Book 6.2: Alexander the Great and his mule-driver are in the same place now. Marcus turns this thought over repeatedly — not because he finds it comforting, exactly, but because it punctures the urgency of status anxiety. If the man who conquered Persia is indistinguishable from his stable hand in retrospect, what exactly is the emperor of Rome worried about?
Book 4.17 is one sentence: “Waste no more time arguing about what a good man should be. Be one.” People quote it without noting it comes in a section about death — about the shortness of the interval between one’s arrival and departure. It’s time-pressure applied to ethics, not a motivational poster.
The recommendation for reading Meditations without bouncing off Book 1 is laid out in a separate post, but the death passages are scattered across all twelve books. They don’t cluster; they recur.
What the Practice Actually Asks
The Stoic version of memento mori is not about aesthetics. It’s not a coin you rub when anxious. The practice asks three things, drawn from the texts:
First: Conduct a short, honest anticipation of death each day. Not morbid fantasy — a realistic acknowledgment that today could be the last coherent day of your life. Seneca thinks this changes your relationship to procrastination more effectively than any system.
Second: Use the thought to arbitrate desire. Epictetus is clinical about this. Before pursuing something hard, ask whether you’d still have wanted it if you’d known the date of your death beforehand.
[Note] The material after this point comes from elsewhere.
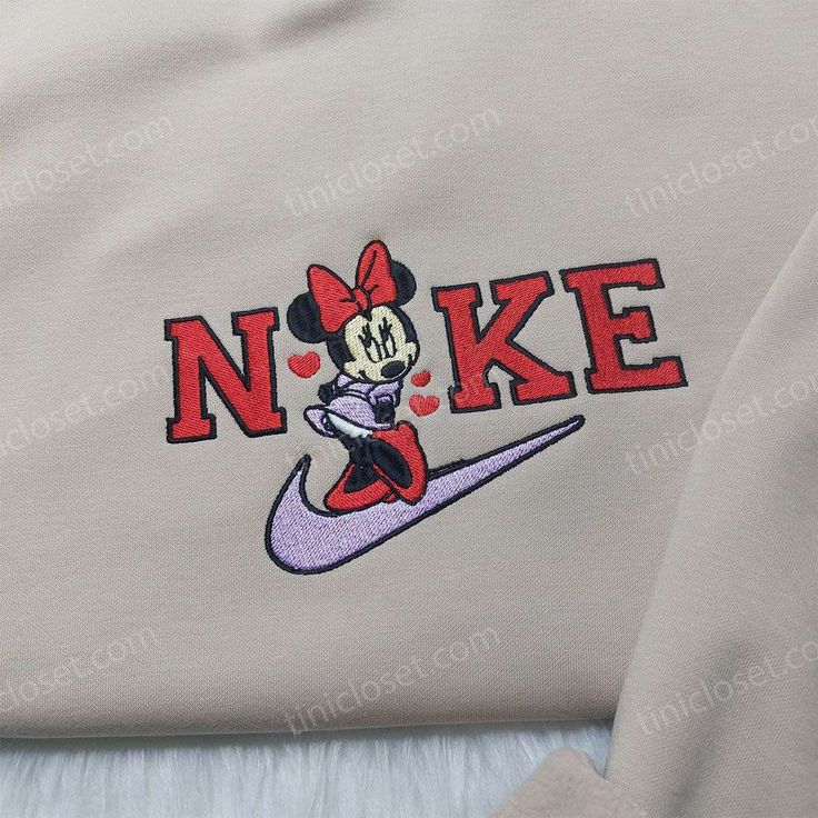 Welcome to Tinicloset, where we sprinkle a little extra magic onto your wardrobe with our enchanting collection of custom embroidered apparel. Our clothing store is a treasure trove of cuteness, featuring not only custom embroidered shirts but also a delightful array of embroidered sweatshirts, t-shirts, and hoodies. At the heart of our collection lies the whimsical Nike x Minnie Love Hearts embroidered shirt, a darling piece that perfectly captures the adorable essence of Minnie Mouse being in love, making it the ultimate embodiment of all things cute and sweet.

The answer re-sorts priorities fast.
Third: Apply it to others. Marcus extends the practice to grief and anger: this person you’re furious at will also be dead. So will you. The emotion is real; its proportions may need adjusting.
None of this appears on the coins. The coins are selling the word, which is the cheap part. The Stoic reading list in order gets you to the actual argument in about four books, starting with Seneca’s Letters, where the case is made the most directly and the least decoratively.
The Stoics were writing for themselves, or for one friend. They were trying to get through the day without being stupid about it. That’s a more modest ambition than most of the merch suggests, and a more achievable one.